「なあなあ、テッドの夢って何だ?」
「は?」
空は茜色に染まり、そろそろ帰り支度を始める時刻だった。グレッグミンスターの街角は夕飯の買い物客で賑わい、たくさんの声が聞こえてくる。今日も一日テッドと遊びまわって気分は上々。ふと思い浮かんだことを口にすると、テッドはやれやれと息を吐いた。
「相変わらずお前は話題が飛ぶよなあ」
「いいじゃねえか別に。で、何?」
「……さあねえ」
「何だよ隠すなよ! たまには夢を語り合おうぜ親友!」
肩をばしんと叩いたら、テッドは困ったようにこちらを見た。
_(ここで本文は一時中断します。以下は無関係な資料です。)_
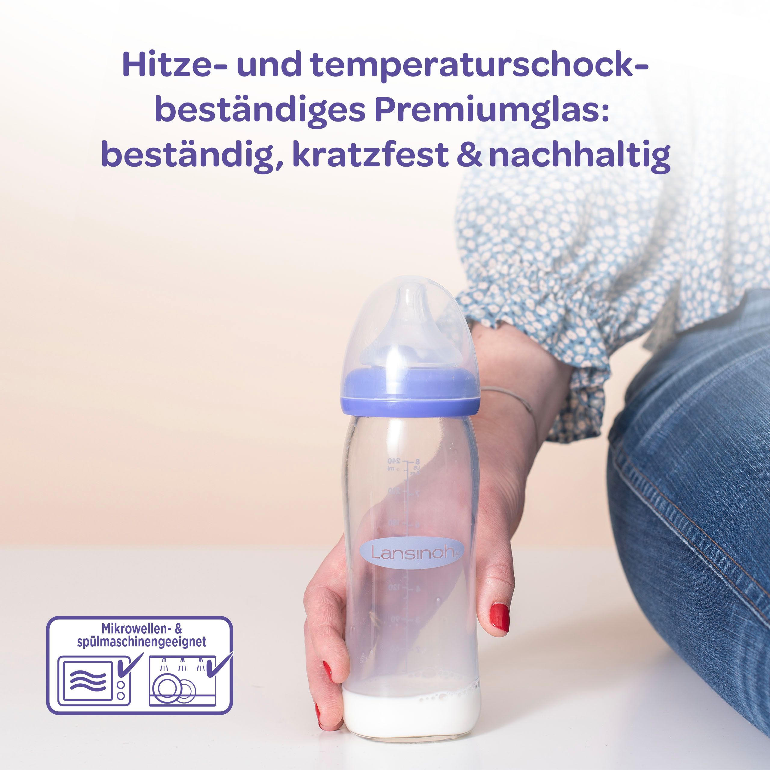 Lansinoh mOmma Glas Babyflasche 160ml mit Natural Wave Silikonsauger S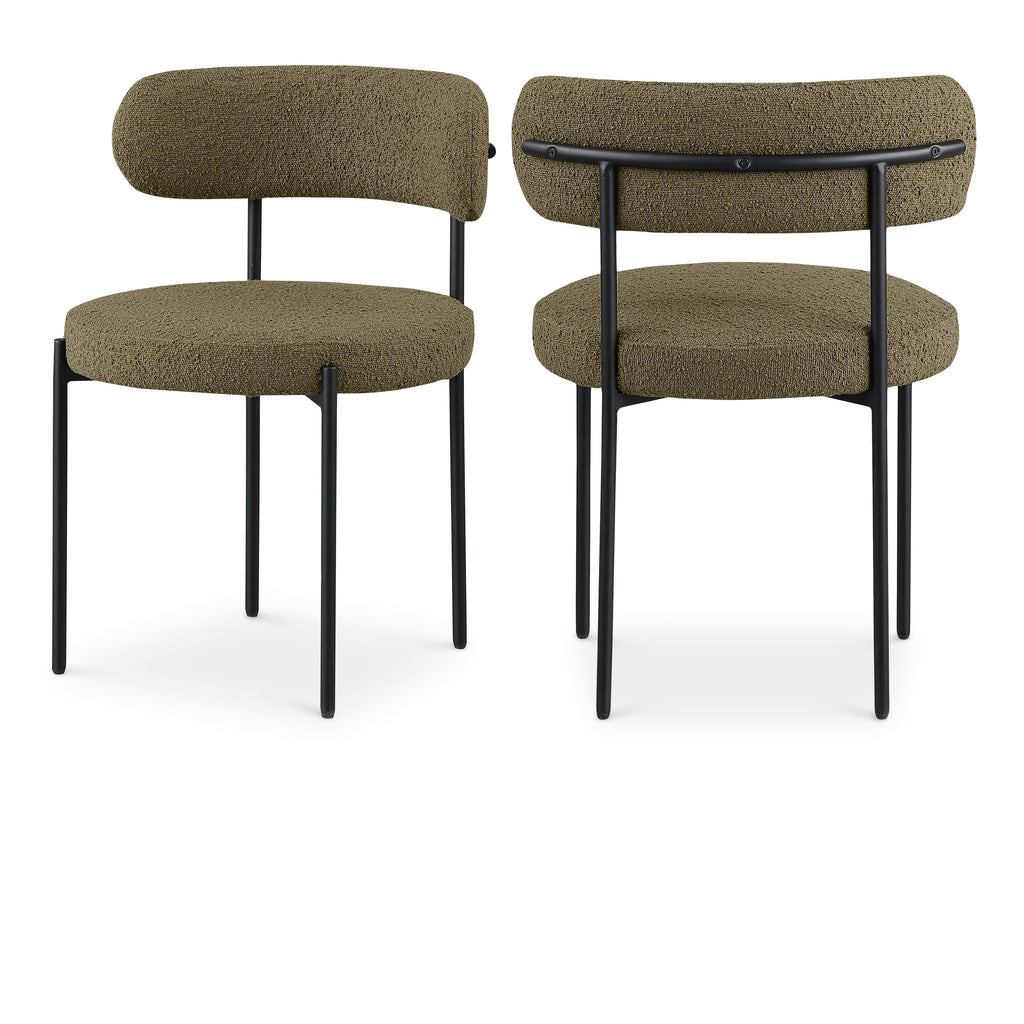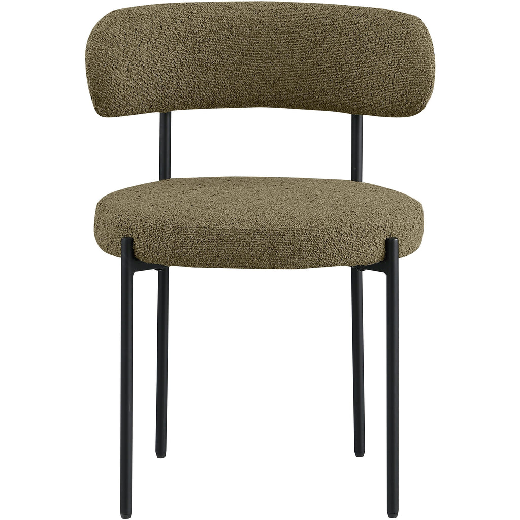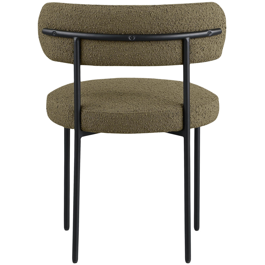 Liven up your dining area with this Beacon olive boucle fabric dining chair. Crafted from iron and boucle fabric, this chair is both sturdy and cozy. Its matte olive metal frame provides foundational support while its curved seat and backrest provide physical support for those who sit in it. Its rounded appearance gives it a contemporary look perfect for any modern living space. This chair is just the right height to kick back and enjoy your meal.

それから真っ赤な空に視線を移し、飛び去っていく鳥の姿を目で追う。その目が、ふと。一瞬だけ、ほんの一瞬だけ、遠くなったような気が、した。
「そうさねえ、“大人になること”かな?」
「……は? あれだぞ、夜に見る夢の話なんかしてねえぞ?」
「はは、分かってるって」
「意味が分かんねえ。それが夢?」
「ああ」
夢というのは大人になったらどうしたいとかどうなりたいとか、そういうものだと思うのだが、一体どういう意味だろう。リュウは首を傾げたが、さっきテッドが見せた瞳に、なんとなく聞いてはいけないような気がして何も言わなかった。
「んで、お前は?」
けれどテッドがこちらを見て笑ったので、リュウもそれに笑顔を返した。いつもと同じ明るい笑顔。きっとさっきのは気のせいだったのだろう。特に何も思いつかなかっただけかもしれない。
「俺? 俺はな――!」
――ごめん。もしあの時、ソウルイーターのことを知っていたら、こんなこと絶対に聞かなかったのに。
後悔しても、もう遅いのだけれど。